Last year, the shipping industry was debating the environmental benefits of slow-steaming as more than 100 companies called upon the International Maritime Organisation (IMO) in April 2019 to mandate speed reductions in order to reduce emissions.
A year later, in the grip of the COVID-19 emergency, the global shipping industry reduces speed to ease the burden on customers’ fragile supply chains, provides floating storage to hold excessive oil stocks and mothballs excess capacity across the world.
However, once the challenges for shipping associated with the pandemic are slowly overcome, climate change will return firmly onto agendas, putting pressure on the shipping industry once more to reduce its carbon emissions.
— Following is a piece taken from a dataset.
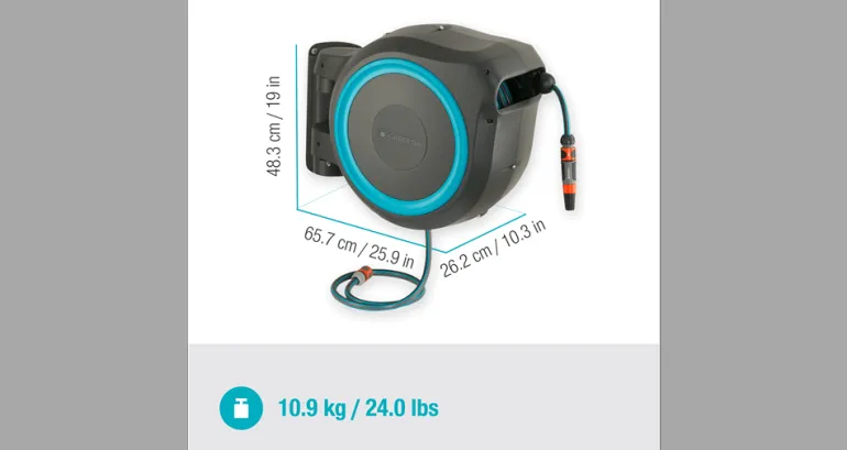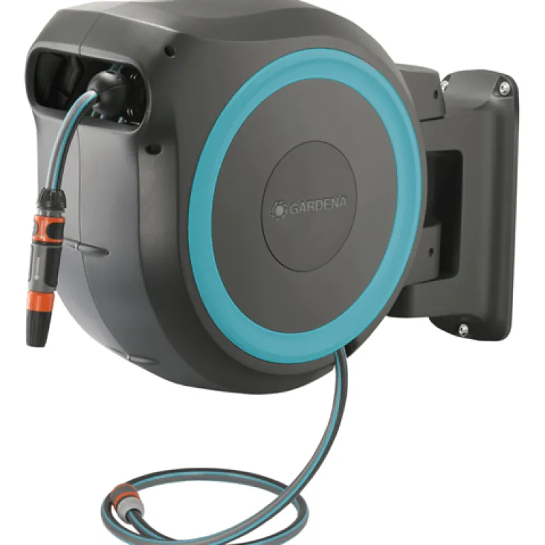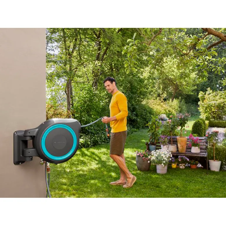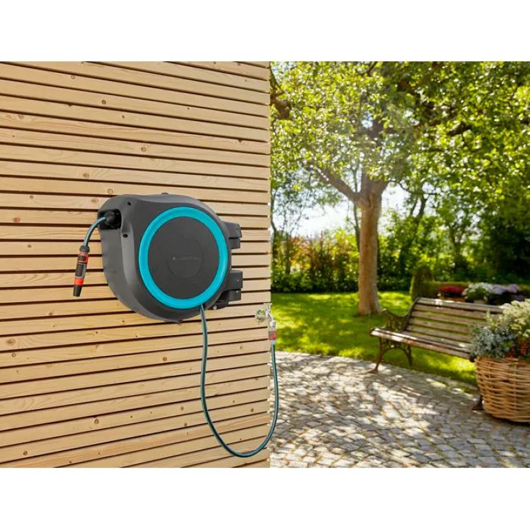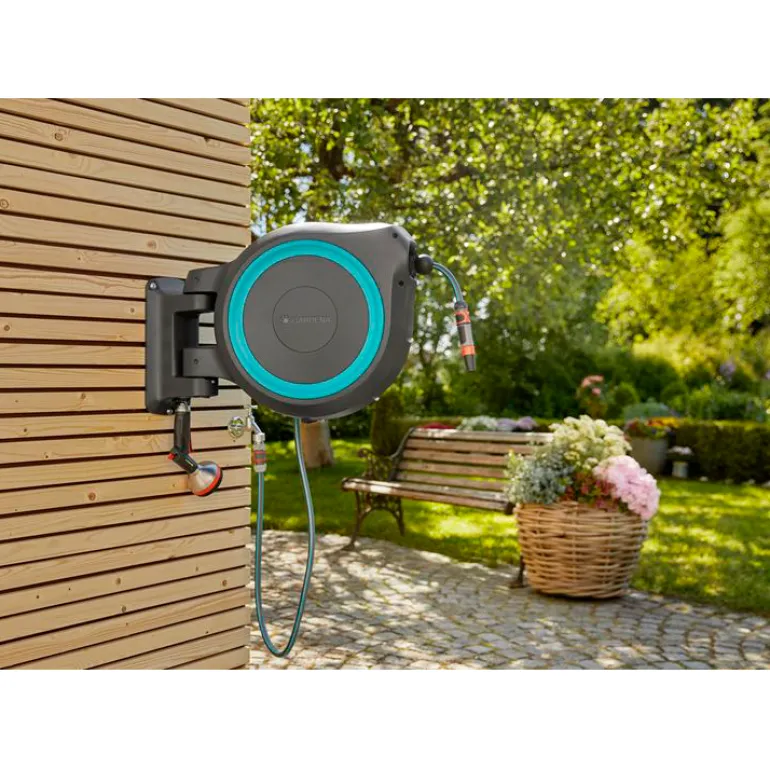 Taloseinään kiinnitettävä letkukela, jonka käytännöllisen seinätelineen ansiosta voidaan kääntää 180°, joten ulotut helposti puutarhan jokaiseen kolkkaan ilman, että letku pääsisi taittumaan. 25 m pituisella laadukkaalla letkulla pääset puutarhan kaikkiin kulmiin. Letku avautuu helposti vetämällä sitä ja lukittuu automaattisesti haluttuun pituuteen erityisen lyhyiden lukituspisteiden ansiosta.
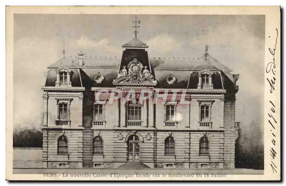 Cartes postales Banque Sens La nouvelle Caisse d&#39Epargne facade sur la boulevard du 14 juillet

GreenSteam’s monitored, condition-based predictive hull cleaning strategy can help safeguard hull coatings during lockdown and allow owners, operators and charterers to plan a future low-emission mobilisation as the crisis lifts.
While higher fuel costs are the last thing many in the industry need right now, especially those working with vessels hit the hardest such as bulkers and cruise ships, help is readily at hand to proactively manage the effects of hull fouling in order to reduce fuel costs and cut GHG emissions.